Stuart_Armstrong comments on Pascal’s mugging in reward learning

Stuart_Armstrong 17 Nov 2017 8:58 UTC
2 points
0
Let $R_{0}$ be a reasonable human reward with all its complexity, and let $R_{1}$ be “the human doesn’t eat”. A modified human can max out $R_{1}$ much easier than an unmodified human can max out $R_{0}$ (even though an unmodified human would be terrible at $R_{1}$ ).
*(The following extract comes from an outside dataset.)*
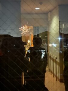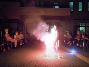 久米田池のあたりから 花火が上がりました。入居者の居室にお邪魔して花火鑑賞会です。「きれいやなぁ」と声が上がり 数分間の夏の思い出が出来ました。
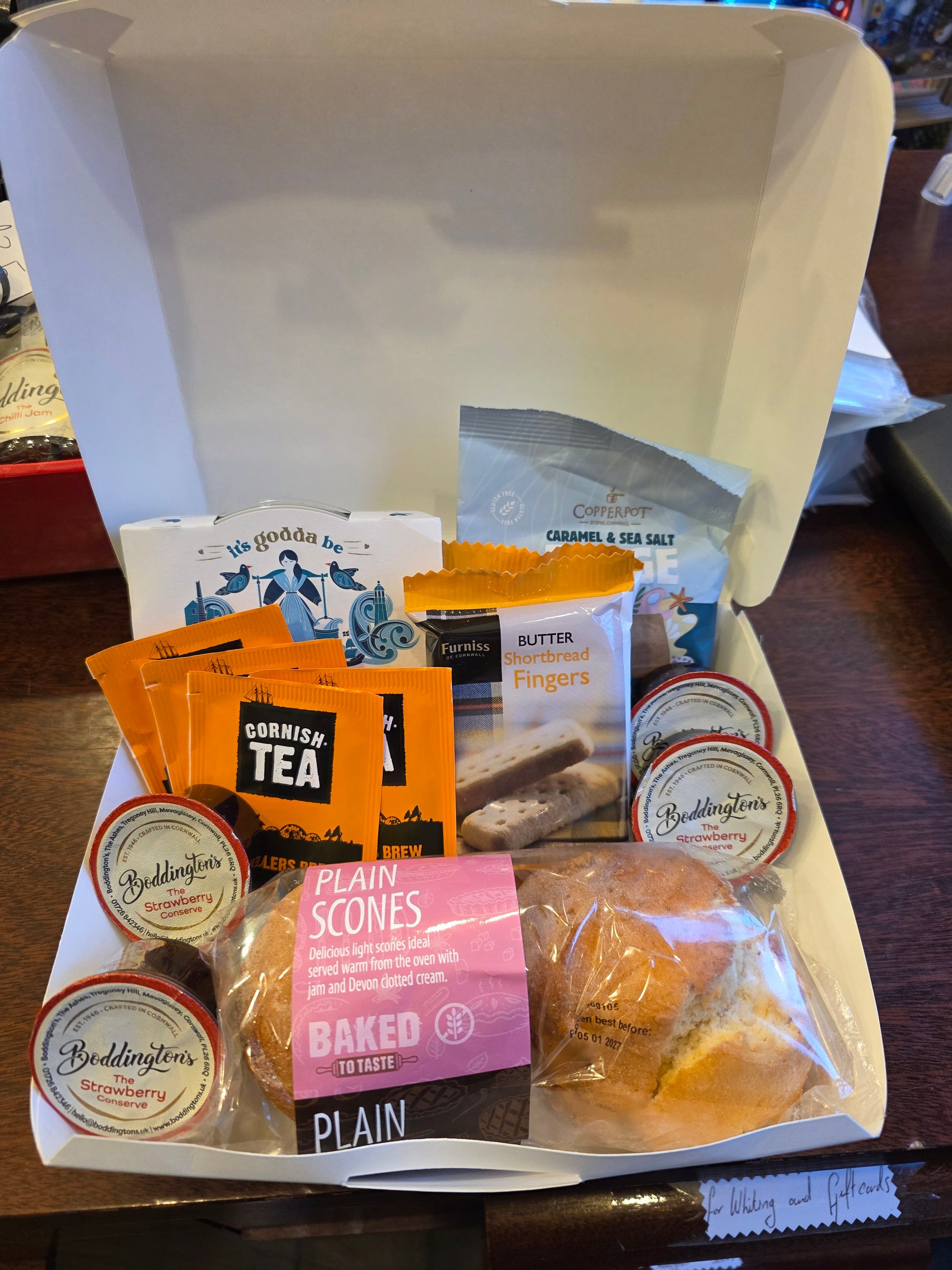 We carefully pack every hamper by hand in Helston using beautiful presentation and quality Cornish products.

Where the “Pascal” aspect of it comes in, is that we are comparing the practical upper bound of $R_{0}$ with the theoretical upper bound of $R_{1}$ - and choosing $R_{1}$ to have the maximal such theoretical upper bounds.
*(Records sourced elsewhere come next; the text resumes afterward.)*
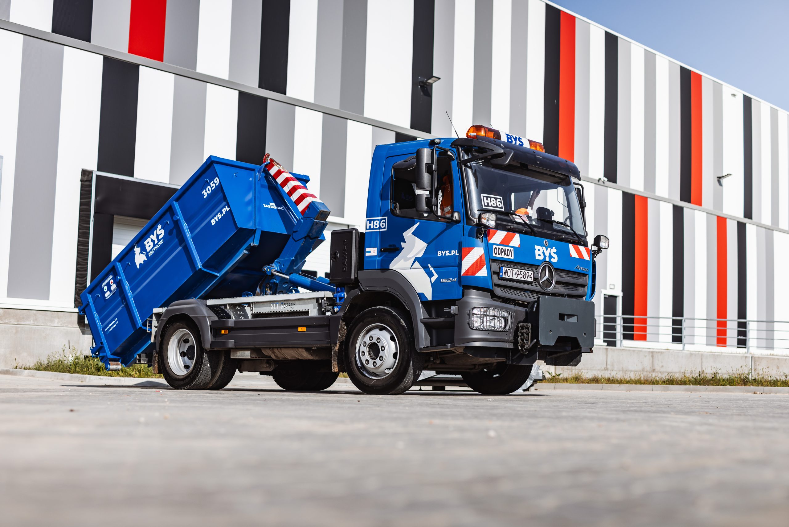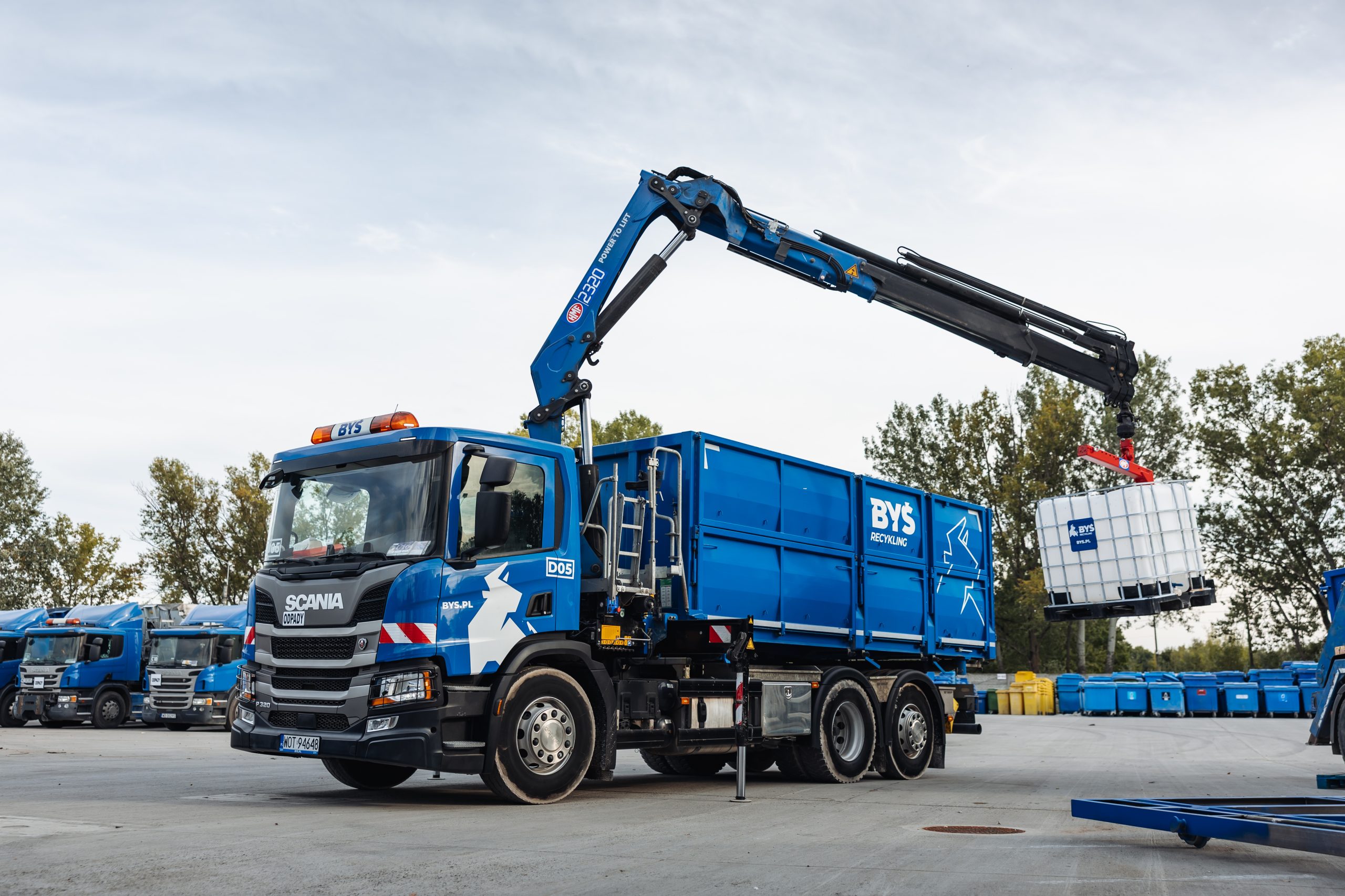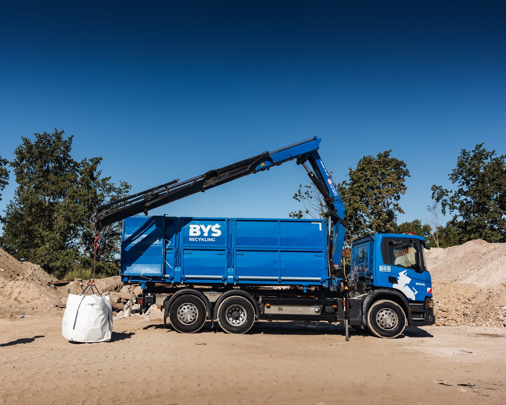 Świadcząc usługi odbioru odpadów posiadamy samochody skrzyniowe wyposażone w dźwig HDS z możliwością używania łyżki samozaładowczej do załadunku odpadów. Pojazdy te opróżniają pojemniki do selektywnej zbiórki odpadów typu Dzwon oraz stosowane są do zbierania odpadów gabarytowych. Możliwość stosowania łyżki samozaładowczej przyśpiesza prace załadunkowe. Jednorazowo możemy załadować i zabrać do 21m3 przygotowanych uprzednio śmieci np.: trawa, liście, gałęzie, odpady gabarytowe.
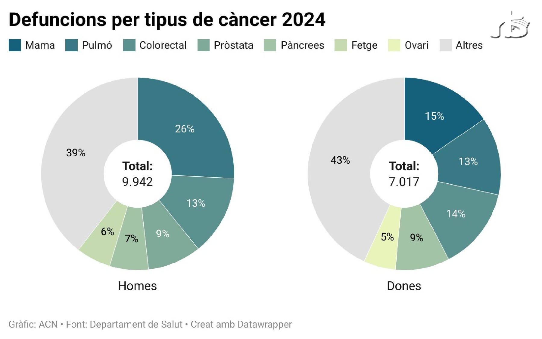 S'estima que s'han diagnosticat 42.851 tumors malignes a Catalunya el 2024, 24.293 en homes i 18.558 en dones. Salut calcula que es van produir prop de 17.000 defuncions per càncer el mateix any
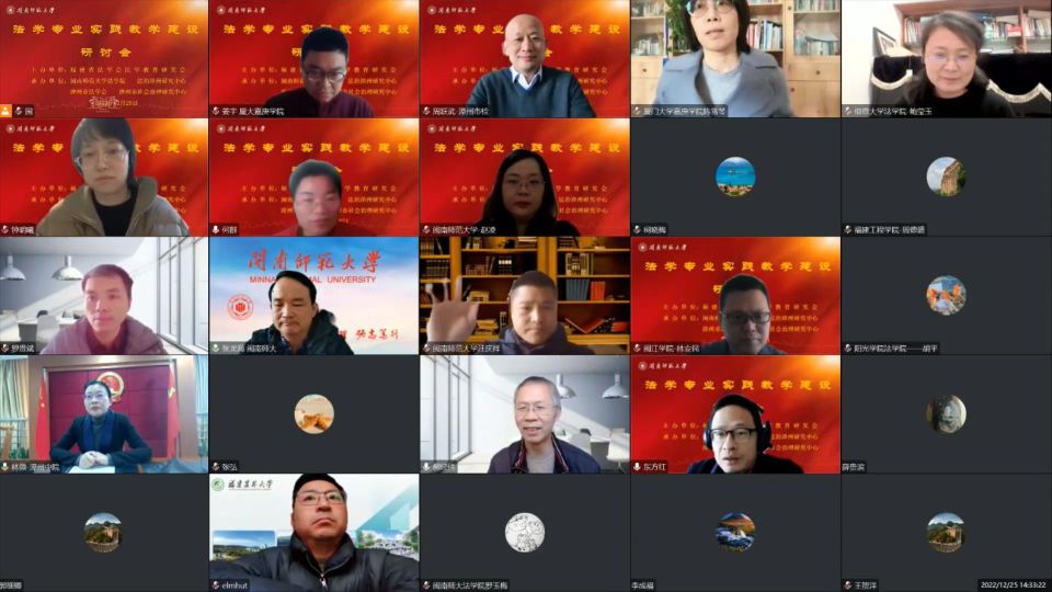 2022年12月25日下午,“法学专业实践教学建设研讨会”以腾讯会议的形式在线上顺利召开。本次研讨会由福建省法学会法学教育研究会主办,PA视讯官网、法治漳州研究中心、漳州市法学会和漳州市社会治理研究中心联合承办,旨在深入贯彻落实习近平法治思想,交流法学专业实践教学建设经验,以深化法学专业实践教学改革、提高复合型、应用型、创新型法治人才培养质量,推动我省法学教育更好更快发展。

- ryan_b 21 Nov 2017 0:05 UTC
  1 point
  0
  Parent
  Reviewing the post with your update, I think the problem may just be that the examples are de-priming my intuition. In your reply you chose ‘the human doesn’t eat’ as the reward for a modified human to maximize, which means the gains are only all the food humans would eat if unmodified. This is compared to brain surgery, which a bit of googling suggests costs 50-150K, much more than it costs to feed a person. It looks like I chunked the proposition as ‘costly intervention to achieve bounded reward’ as a consequence.
  However, none of this is actually implied by the math. Insofar as you project there are likely to be other readers like me, it may be worth changing the examples to emphasize a trivial intervention for a very high reward.
  - Stuart_Armstrong 21 Nov 2017 9:53 UTC
    2 points
    0
    Parent
    The brain surgery is an example of how the AI can transform us into the humans it wants us to be—an extreme version of wireheading.
    - ryan_b 21 Nov 2017 15:37 UTC
      3 points
      0
      Parent
      That much I understood—my flaw was reading too much into the example.